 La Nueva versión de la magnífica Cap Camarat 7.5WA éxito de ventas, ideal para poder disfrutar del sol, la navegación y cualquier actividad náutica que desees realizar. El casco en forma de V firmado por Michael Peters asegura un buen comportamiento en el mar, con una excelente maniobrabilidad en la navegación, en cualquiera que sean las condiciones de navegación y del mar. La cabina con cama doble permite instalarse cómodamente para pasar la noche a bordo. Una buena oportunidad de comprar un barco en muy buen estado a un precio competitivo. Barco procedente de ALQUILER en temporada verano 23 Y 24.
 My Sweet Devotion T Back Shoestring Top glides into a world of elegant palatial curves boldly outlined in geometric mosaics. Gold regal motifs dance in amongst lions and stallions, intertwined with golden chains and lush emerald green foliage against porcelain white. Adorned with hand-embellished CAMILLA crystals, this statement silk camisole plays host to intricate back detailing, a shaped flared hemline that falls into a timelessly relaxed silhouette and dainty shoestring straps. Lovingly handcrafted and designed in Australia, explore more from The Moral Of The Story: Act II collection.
...
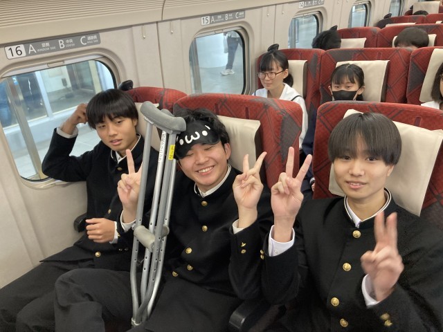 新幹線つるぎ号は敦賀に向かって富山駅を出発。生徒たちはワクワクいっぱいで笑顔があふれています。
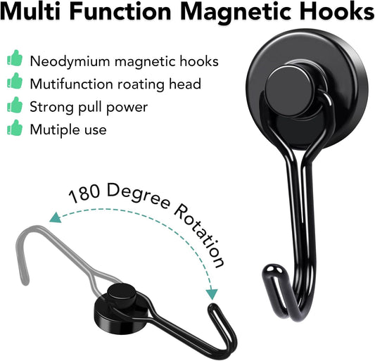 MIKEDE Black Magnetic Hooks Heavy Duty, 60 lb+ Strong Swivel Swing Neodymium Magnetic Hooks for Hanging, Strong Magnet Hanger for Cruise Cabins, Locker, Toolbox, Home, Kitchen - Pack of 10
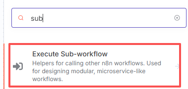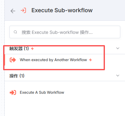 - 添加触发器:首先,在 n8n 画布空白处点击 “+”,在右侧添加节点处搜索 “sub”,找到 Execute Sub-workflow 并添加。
* * *
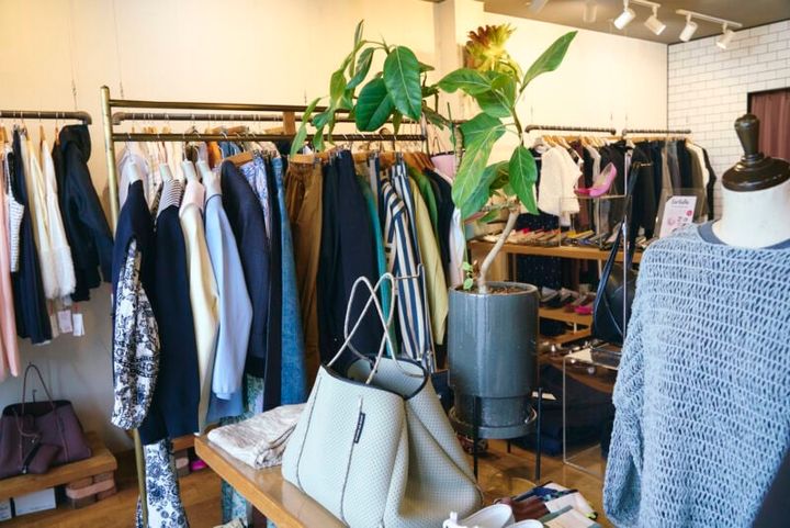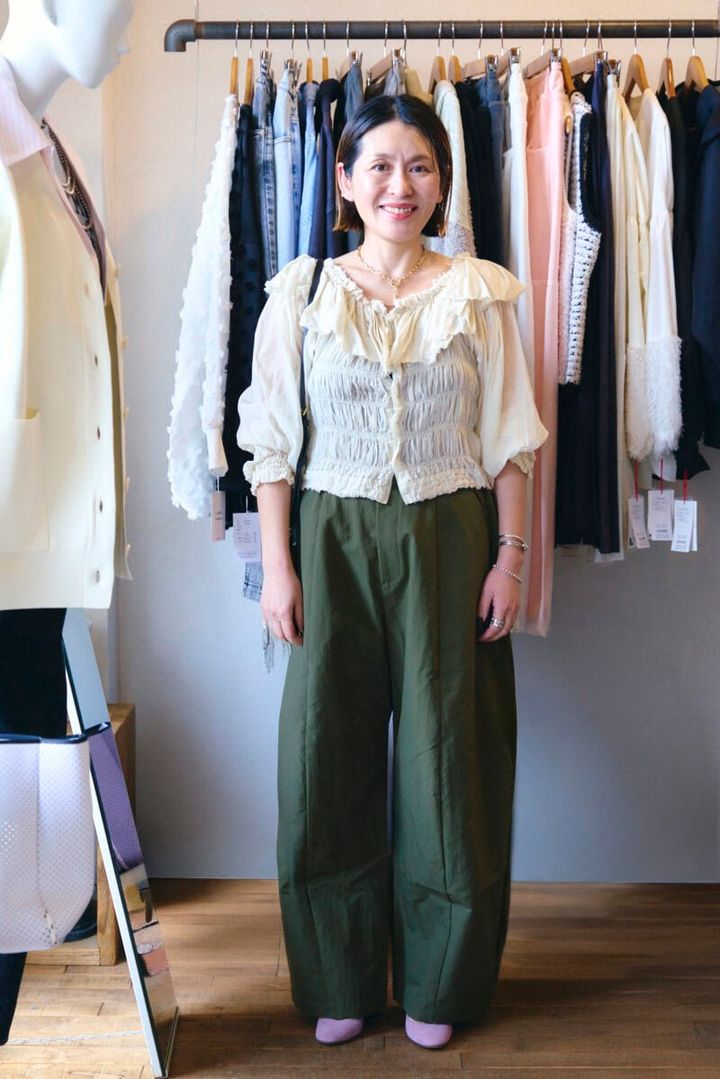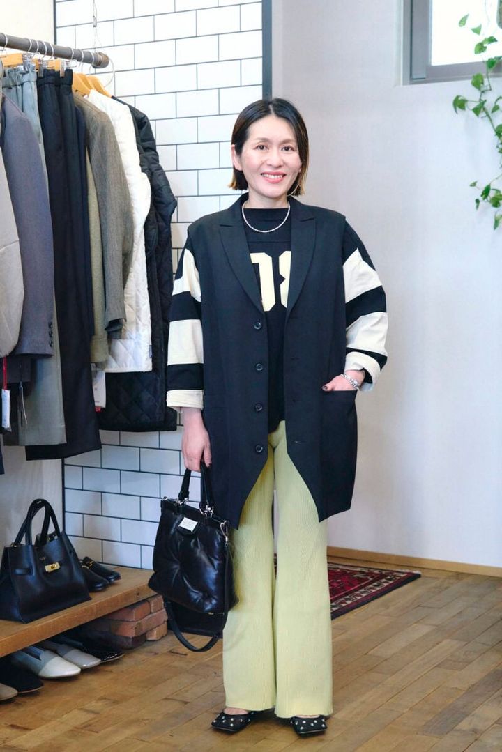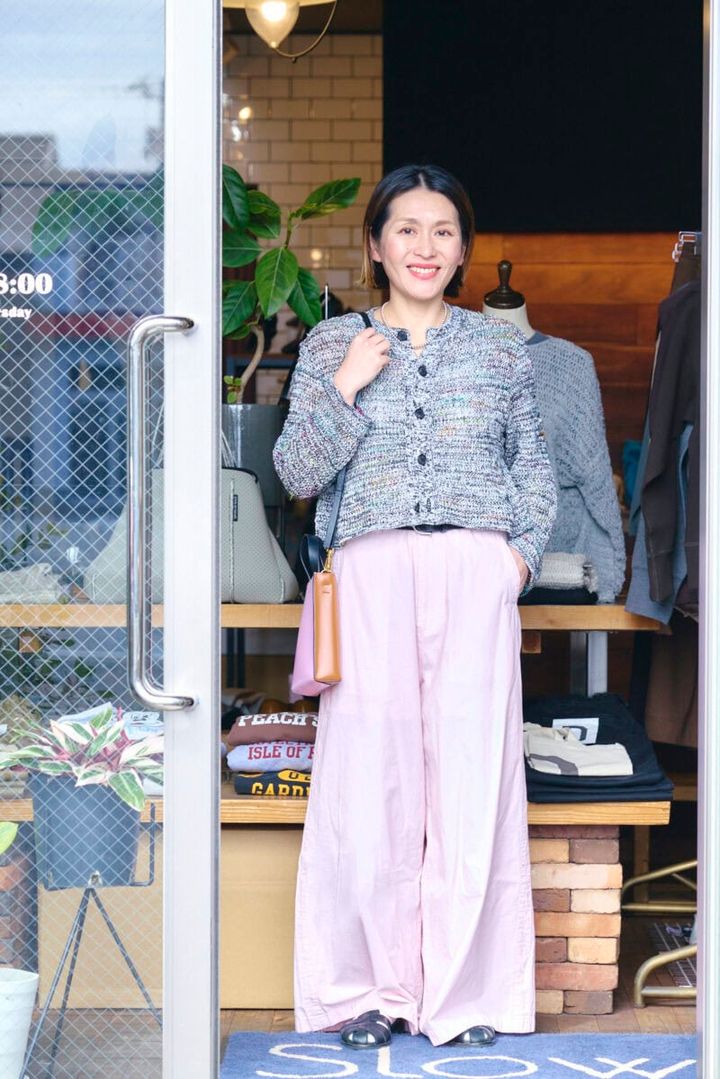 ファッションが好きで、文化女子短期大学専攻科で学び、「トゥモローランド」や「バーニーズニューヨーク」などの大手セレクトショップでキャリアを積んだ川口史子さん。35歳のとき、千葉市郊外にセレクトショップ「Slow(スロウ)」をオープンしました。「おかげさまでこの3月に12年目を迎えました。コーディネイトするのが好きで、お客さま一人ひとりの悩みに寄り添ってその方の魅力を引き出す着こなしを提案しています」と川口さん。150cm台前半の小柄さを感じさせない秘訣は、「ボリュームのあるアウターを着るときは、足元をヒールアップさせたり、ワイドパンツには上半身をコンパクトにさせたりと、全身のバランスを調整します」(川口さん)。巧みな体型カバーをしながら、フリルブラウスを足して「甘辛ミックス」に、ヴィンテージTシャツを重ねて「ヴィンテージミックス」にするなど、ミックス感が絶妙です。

▸ What the task asks
Leaving pictures out, output the lines of the data above from the one with "新幹線つるぎ号は敦賀に向かっ" through the one with "- 添加触发器:首先,在 n8n", word for word.

▸ Answer to this problem
 新幹線つるぎ号は敦賀に向かって富山駅を出発。生徒たちはワクワクいっぱいで笑顔があふれています。
 MIKEDE Black Magnetic Hooks Heavy Duty, 60 lb+ Strong Swivel Swing Neodymium Magnetic Hooks for Hanging, Strong Magnet Hanger for Cruise Cabins, Locker, Toolbox, Home, Kitchen - Pack of 10
 - 添加触发器:首先,在 n8n 画布空白处点击 “+”,在右侧添加节点处搜索 “sub”,找到 Execute Sub-workflow 并添加。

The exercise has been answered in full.